# RECORDS FOR THE EXERCISE:
★ ★ ★
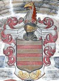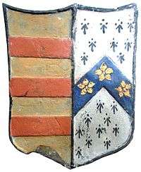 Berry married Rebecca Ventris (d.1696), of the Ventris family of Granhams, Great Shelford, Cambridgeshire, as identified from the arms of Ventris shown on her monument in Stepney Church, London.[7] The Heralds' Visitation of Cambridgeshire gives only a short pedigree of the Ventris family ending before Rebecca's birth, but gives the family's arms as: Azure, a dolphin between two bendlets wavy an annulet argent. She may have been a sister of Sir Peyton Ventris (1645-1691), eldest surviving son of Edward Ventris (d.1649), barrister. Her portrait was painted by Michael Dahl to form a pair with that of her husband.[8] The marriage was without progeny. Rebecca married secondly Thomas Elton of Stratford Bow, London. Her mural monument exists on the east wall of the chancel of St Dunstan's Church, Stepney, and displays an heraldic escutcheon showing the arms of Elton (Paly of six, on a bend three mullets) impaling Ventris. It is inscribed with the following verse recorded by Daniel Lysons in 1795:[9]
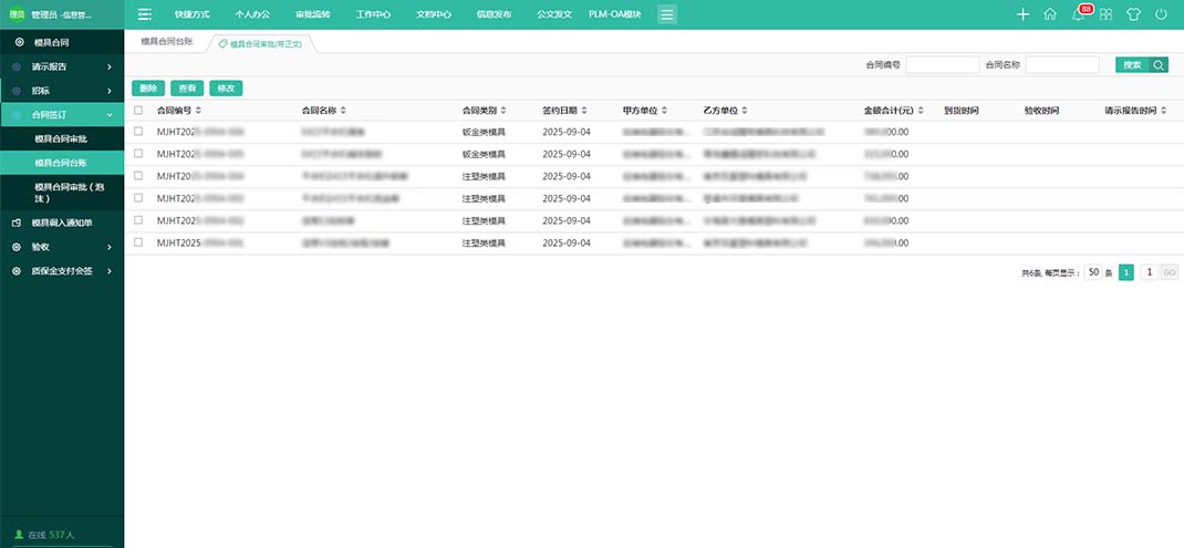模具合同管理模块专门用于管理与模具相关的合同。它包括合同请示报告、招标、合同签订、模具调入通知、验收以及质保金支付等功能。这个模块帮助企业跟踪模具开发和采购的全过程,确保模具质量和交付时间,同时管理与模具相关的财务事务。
★ ★ ★
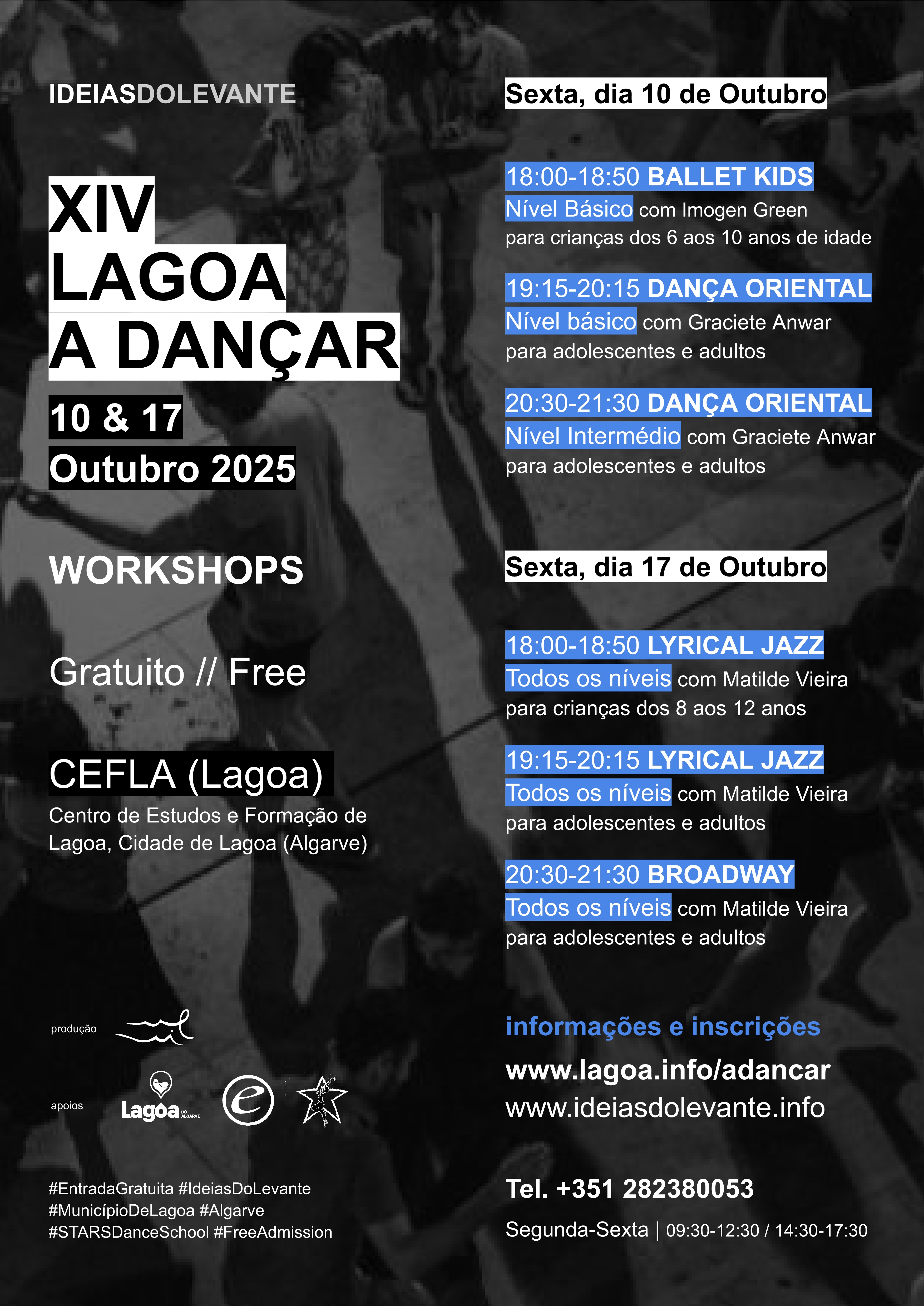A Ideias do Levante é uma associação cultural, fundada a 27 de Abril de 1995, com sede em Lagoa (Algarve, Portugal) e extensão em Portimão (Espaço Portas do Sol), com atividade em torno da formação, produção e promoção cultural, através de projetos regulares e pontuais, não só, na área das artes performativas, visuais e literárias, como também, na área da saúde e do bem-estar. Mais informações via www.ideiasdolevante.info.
★ ★ ★
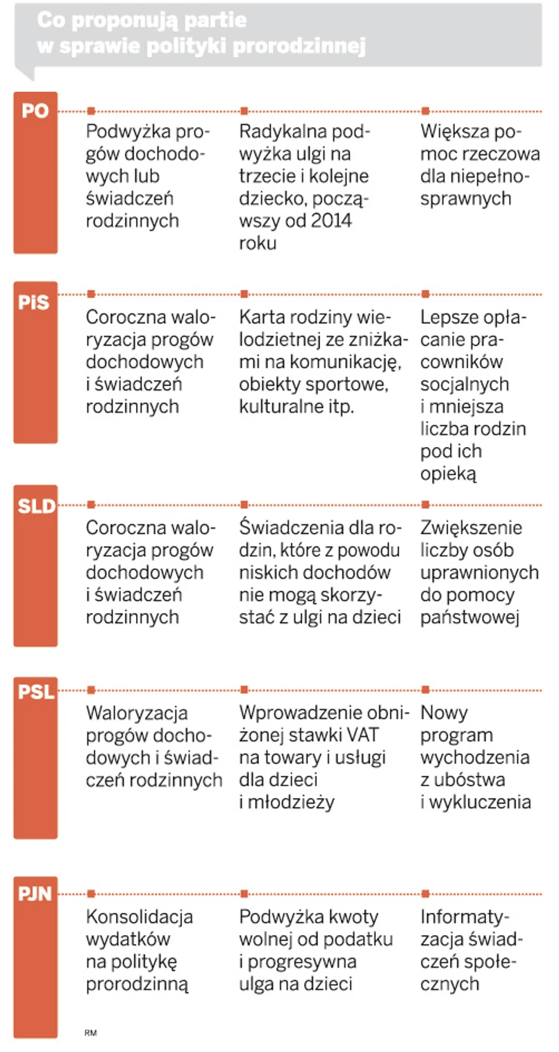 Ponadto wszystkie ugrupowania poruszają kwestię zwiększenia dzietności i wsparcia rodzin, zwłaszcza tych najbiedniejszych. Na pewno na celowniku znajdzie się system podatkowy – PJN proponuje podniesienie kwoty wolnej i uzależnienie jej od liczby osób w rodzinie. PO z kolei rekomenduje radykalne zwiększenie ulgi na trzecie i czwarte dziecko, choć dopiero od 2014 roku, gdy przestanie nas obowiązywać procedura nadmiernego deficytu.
★ ★ ★
# EXERCISE AIM:
Print, exactly, each line above from the one with "Berry married Rebecca" to the one with "模具合同管理模块专门用于管理", end lines included. Leave pictures out of it.

# EXERCISE RESPONSE:
 Berry married Rebecca Ventris (d.1696), of the Ventris family of Granhams, Great Shelford, Cambridgeshire, as identified from the arms of Ventris shown on her monument in Stepney Church, London.[7] The Heralds' Visitation of Cambridgeshire gives only a short pedigree of the Ventris family ending before Rebecca's birth, but gives the family's arms as: Azure, a dolphin between two bendlets wavy an annulet argent. She may have been a sister of Sir Peyton Ventris (1645-1691), eldest surviving son of Edward Ventris (d.1649), barrister. Her portrait was painted by Michael Dahl to form a pair with that of her husband.[8] The marriage was without progeny. Rebecca married secondly Thomas Elton of Stratford Bow, London. Her mural monument exists on the east wall of the chancel of St Dunstan's Church, Stepney, and displays an heraldic escutcheon showing the arms of Elton (Paly of six, on a bend three mullets) impaling Ventris. It is inscribed with the following verse recorded by Daniel Lysons in 1795:[9]
模具合同管理模块专门用于管理与模具相关的合同。它包括合同请示报告、招标、合同签订、模具调入通知、验收以及质保金支付等功能。这个模块帮助企业跟踪模具开发和采购的全过程,确保模具质量和交付时间,同时管理与模具相关的财务事务。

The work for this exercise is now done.